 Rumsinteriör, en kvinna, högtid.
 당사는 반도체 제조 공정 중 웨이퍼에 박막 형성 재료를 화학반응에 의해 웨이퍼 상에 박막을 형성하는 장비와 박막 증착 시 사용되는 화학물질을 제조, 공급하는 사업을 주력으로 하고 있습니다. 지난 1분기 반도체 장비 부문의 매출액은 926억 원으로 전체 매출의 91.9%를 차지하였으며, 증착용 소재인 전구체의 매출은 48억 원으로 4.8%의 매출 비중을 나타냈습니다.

---

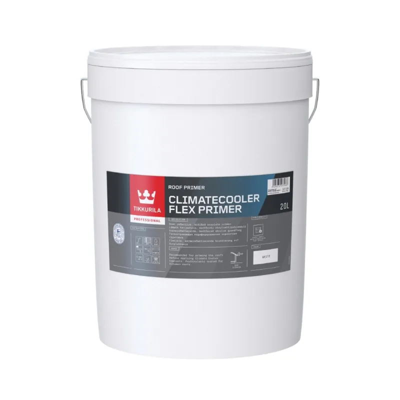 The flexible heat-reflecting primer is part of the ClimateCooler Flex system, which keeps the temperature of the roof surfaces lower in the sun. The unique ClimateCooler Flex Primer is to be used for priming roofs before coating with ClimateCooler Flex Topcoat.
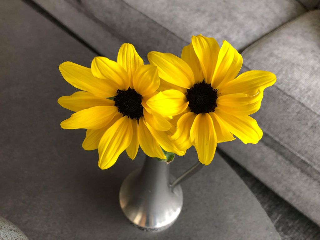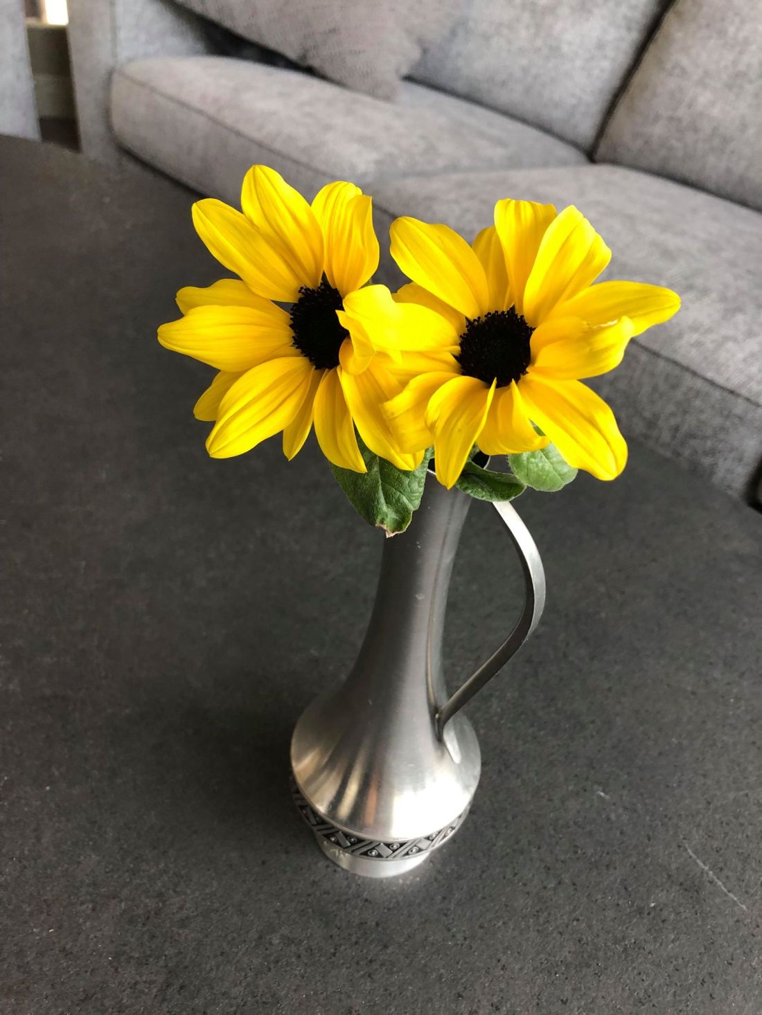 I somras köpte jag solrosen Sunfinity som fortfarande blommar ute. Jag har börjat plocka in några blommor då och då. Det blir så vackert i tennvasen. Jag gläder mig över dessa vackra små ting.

...

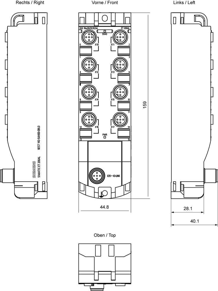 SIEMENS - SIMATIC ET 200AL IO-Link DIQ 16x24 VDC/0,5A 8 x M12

§ Task
Transcribe the records above from the line holding "Rumsinteriör, en kvinna, högtid." down to the line holding "당사는 반도체 제조 공정", inclusive, without adding anything.

§ The answer
 Rumsinteriör, en kvinna, högtid.
 당사는 반도체 제조 공정 중 웨이퍼에 박막 형성 재료를 화학반응에 의해 웨이퍼 상에 박막을 형성하는 장비와 박막 증착 시 사용되는 화학물질을 제조, 공급하는 사업을 주력으로 하고 있습니다. 지난 1분기 반도체 장비 부문의 매출액은 926억 원으로 전체 매출의 91.9%를 차지하였으며, 증착용 소재인 전구체의 매출은 48억 원으로 4.8%의 매출 비중을 나타냈습니다.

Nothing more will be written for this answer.